Authors: Barbara Sapergia
Tags: #language, #Ukrainian, #saga, #Canada, #Manitoba, #internment camp, #war, #historical fiction, #prejudice, #racism, #storytelling, #horses
Taras feels a bit of warmth in his belly. For once a hand goes to the prisoners.
In the tent Oleksa and his friends, looking bored to death, play one more trick. Then Oleksa looks at Kyrylo and nods. They throw down their cards and go out to look, along with their buddies.

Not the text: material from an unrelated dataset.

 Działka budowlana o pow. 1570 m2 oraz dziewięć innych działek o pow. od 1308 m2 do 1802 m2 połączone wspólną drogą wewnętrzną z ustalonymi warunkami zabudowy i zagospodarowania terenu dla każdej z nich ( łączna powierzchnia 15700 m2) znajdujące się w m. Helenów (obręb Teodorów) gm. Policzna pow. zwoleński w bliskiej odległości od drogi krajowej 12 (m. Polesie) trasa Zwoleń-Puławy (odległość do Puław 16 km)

Taras and his friends follow.
The smoke thickens and the fire roars. Outside the fence guards run around the fire, blankets flapping, but after a while they just watch. There’s not a lot left to burn and snow cover will contain the fire.
Internees stand along the fence. Already the jail has lost the look of a building. Logs wrapped in fire sag at new angles. A plume of smoke rises high overhead and sparks spit at the guards. It must be warm by the fire.

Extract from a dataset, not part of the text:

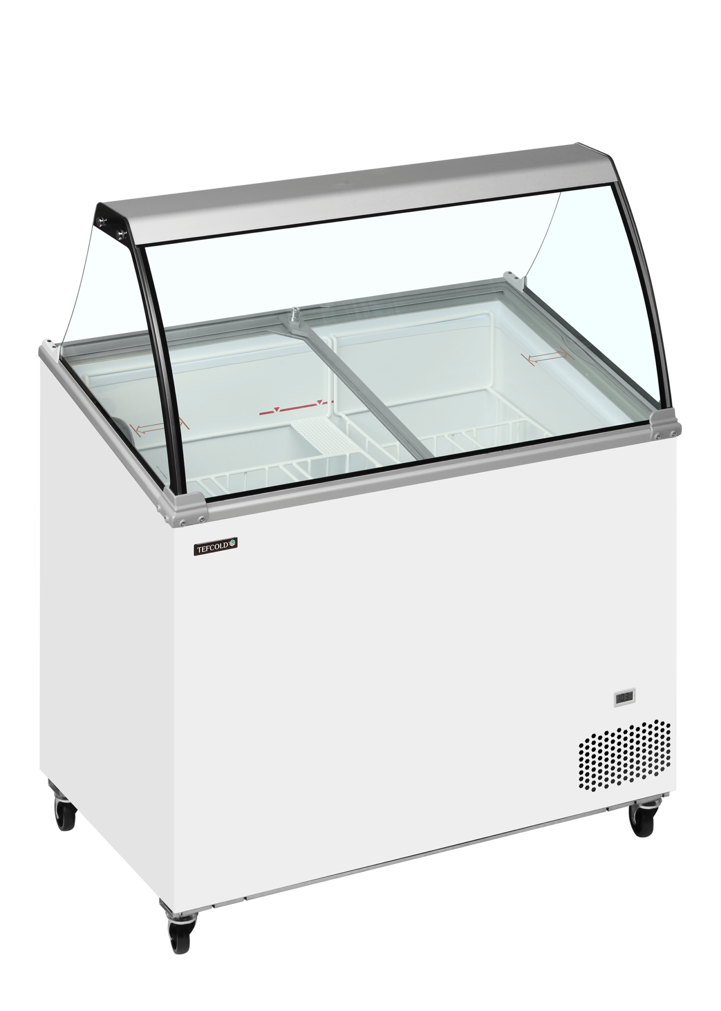 La gama IC-SO de vitrinas de helados ofrece una excelente calidad a un precio competitivo. El modelo cuenta con tapas deslizantes que permiten un fácil acceso al helado para servir y ayuda a aislar la unidad cuando no está en uso. Dispone de una tapa de cristal tipo vitrina y es idónea para la personalización con la marca para atraer la atención de los clientes hacia la unidad y su gélido contenido. El congelador se optimiza con cestos que pueden alojar tarrinas de plástico de 5 litros en la parte superior y dispone de espacio de almacenamiento debajo.

Thank God there was no one in the hoosegow.
At last the roaring fades and the fire dies to glowing stumps. Prisoners drift to their tents. Leaving sentries to watch overnight, guards straggle back to their tents, as the commandant slips out of the compound for a look.
“Son of a bitch burned real hot. Like a big goddamn bonfire.”
“Good way to say goodbye to this stinking place.”
“Goddamn stinking place.”
“God, I need a drink.”
The guards probably have whiskey. Whiskey would be nice now. Or potato wine.
Taras and his friends go back to the tent. The cards are still on the ground. Oleksa and his friends haven’t come back. Their blankets are gone. Taras remembers Oleksa nodding to Kyrylo.
“What in hell?”
Yuriy says. “Nobody asked us.”
“Didn’t trust us,” Ihor says.
“Maybe they thought we weren’t ready to go,”
Tymko says.
“And maybe they’re right,”
Yuriy says. “I’m not, anyway.”
“Me either.”
Taras has known this for a long time.
“If I ever try to escape,” Ihor says, “I don’t want it to be this cold.”
This would be a good time to be asleep. To have missed the whole thing.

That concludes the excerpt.